Санитарная рубка
Сейчас же, в свете ярком и теплом, увидел: лежит мужик ничком и только края бороды у него белые, а все остальное — темно-красное.
И еще чье-то лицо впереди замаячило. Харитон Игнатьевич застопорил ход, не желая дальше двигаться, но неведомая сила толкнула в спину, жестко и властно — иди, вспоминай и глаз не отворачивай!
Вспомнил…
Сидит он в своей лавочке махонькой, которую на скудные деньги купил, когда с шайкой развязался, рассудив, что у лихих людей судьба короткая, сидит и горюет: торговля плохо идет, барыша почти не приносит, а чего дальше делать, он ума не приложит.
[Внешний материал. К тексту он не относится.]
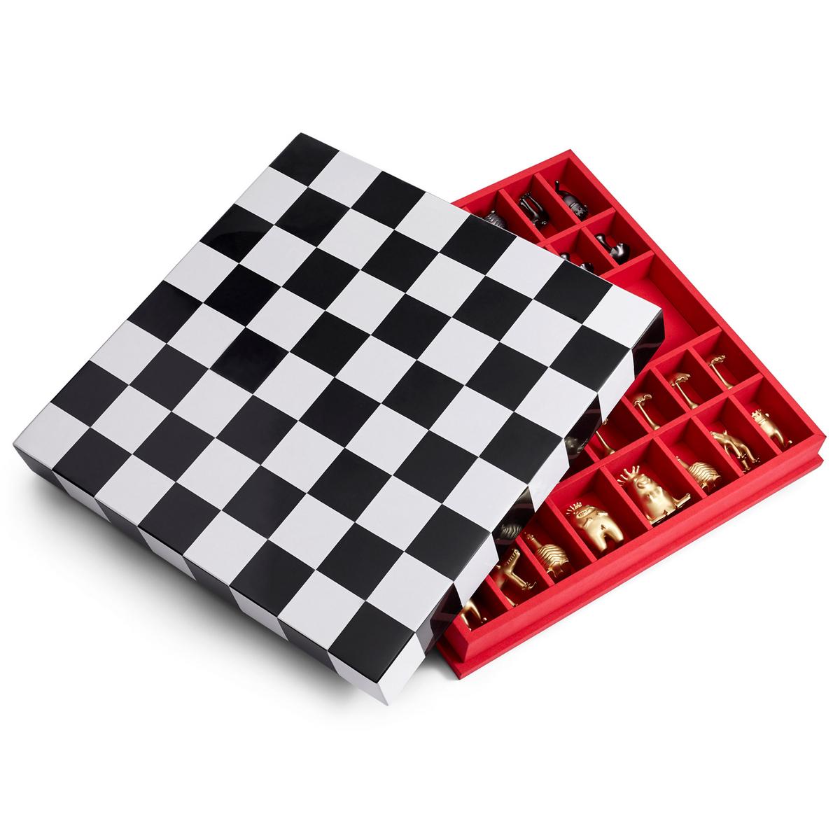 Die witzigen Figuren beim Schachspiel "Haas" bestehen aus Messing und werden individuell angefertigt. Das Schachbrett ist mit Intarsien aus schwarzen und weißen Steinen ausgelegt. Geliefert wird das Strategiespiel in einer hochwertigen L’Objet Geschenkbox.

Все-таки приложил. Придумал.
Выскреб все деньги, какие в наличности имелись, до единой копейки, и отправился на лошадиную ярмарку, купил там коня-красавца каурой масти и прямиком с ярмарки пожаловал к самому богатому в Сибирске купцу Сидору Махнанову, у которого денег, лавок и складов невпроворот имелось. А еще имелась страсть к лошадям и ради этой страсти лошадиной готов был Сидор все, что угодно, сотворить. Конь, приведенный Харитоном, ему поглянулся. До того поглянулся, что он своего приказчика сразу за деньгами послал, даже не спросив о цене. Но Харитону совсем иное требовалось, а не коня продать, об этом и сказал Сидору Махнанову, а тот глаза выпучил — неужели подарить решил, за какие благодеяния? Нет, отвечал ему Харитон, не подарить, а за услугу принять. Какая еще услуга? А возьмите меня на службу к себе, научиться желаю, как торговые дела вести, чтобы дела эти в гору шли, а не так, как у меня нынче — под горку катятся. Махнанов шутить перестал, задумался, а после головой кивнул — приходи.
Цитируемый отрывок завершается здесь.